*Record extracts:*
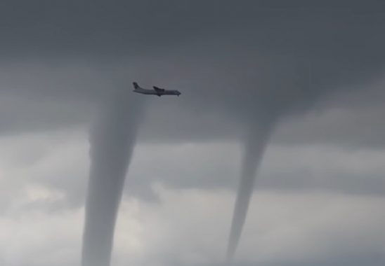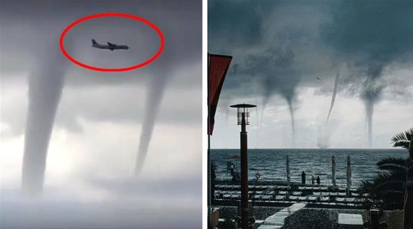 Rusya'nın Sochi havaalanına inmek için alçalan uçak, o sırada fırtınalı havada oluşan üç hortumun yanından zorunlu geçiş yaptı.
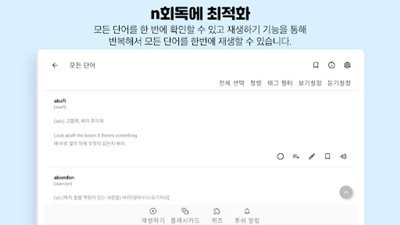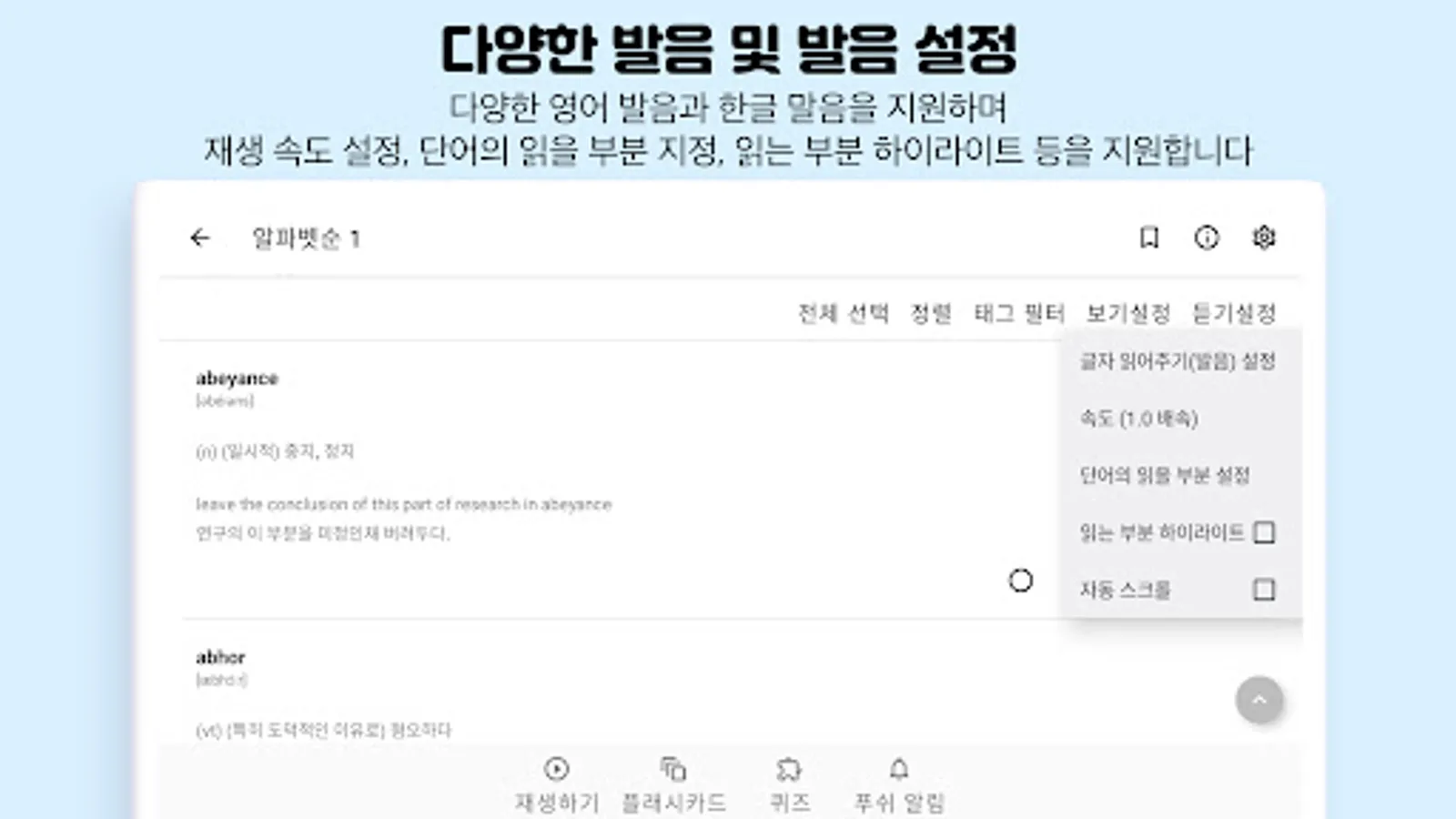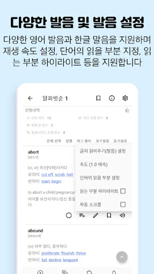 The official English word app supports the auto-playback function that automatically tells the vocabulary.
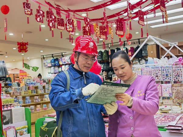 除了设备巡检,国家电网甘肃电力(薯都之光)连心桥共产党员服务队向商户和群众发放安全用电手册,耐心讲解节日期间用电注意事项、应急处置方法以及节约用电小技巧。从商铺的电器负荷配置,到居民的家庭用电安全,队员们细致解答每一个问题,将专业的电力知识转化为通俗易懂的语言,让安全用电理念深入人心。
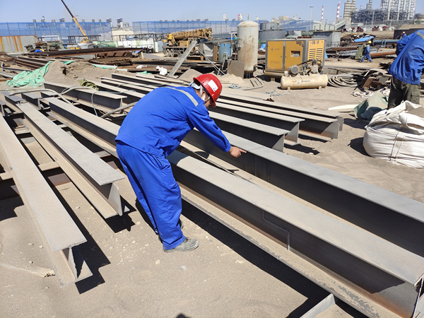工程現(xiàn)場(chǎng)時(shí)常見(jiàn)到項(xiàng)目經(jīng)理孫萬(wàn)貴忙碌的身影,他精益求精,嚴(yán)把質(zhì)量關(guān),每道工序都嚴(yán)格自檢,不放過(guò)任何影響質(zhì)量的細(xì)節(jié),在濕電鋼架對(duì)接及噴砂完成后,他立即對(duì)其進(jìn)行仔細(xì)檢查(圖2)。
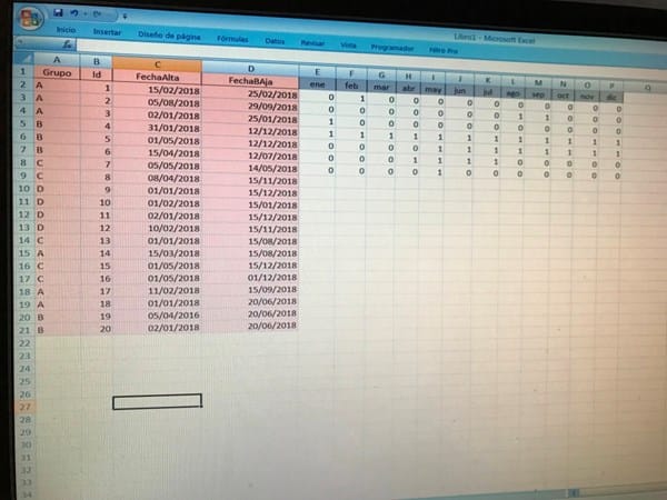 Tengo una tabla con los datos que aparecen en la imagen adjunta coloreada: Grupo, Id, FechaAlta y FechaBaja.

*Task requirements:*
Every line of the material must be repeated exactly; pictures stay out.

*Response to this exercise:*
 Rusya'nın Sochi havaalanına inmek için alçalan uçak, o sırada fırtınalı havada oluşan üç hortumun yanından zorunlu geçiş yaptı.
 The official English word app supports the auto-playback function that automatically tells the vocabulary.
 除了设备巡检,国家电网甘肃电力(薯都之光)连心桥共产党员服务队向商户和群众发放安全用电手册,耐心讲解节日期间用电注意事项、应急处置方法以及节约用电小技巧。从商铺的电器负荷配置,到居民的家庭用电安全,队员们细致解答每一个问题,将专业的电力知识转化为通俗易懂的语言,让安全用电理念深入人心。
工程現(xiàn)場(chǎng)時(shí)常見(jiàn)到項(xiàng)目經(jīng)理孫萬(wàn)貴忙碌的身影,他精益求精,嚴(yán)把質(zhì)量關(guān),每道工序都嚴(yán)格自檢,不放過(guò)任何影響質(zhì)量的細(xì)節(jié),在濕電鋼架對(duì)接及噴砂完成后,他立即對(duì)其進(jìn)行仔細(xì)檢查(圖2)。
 Tengo una tabla con los datos que aparecen en la imagen adjunta coloreada: Grupo, Id, FechaAlta y FechaBaja.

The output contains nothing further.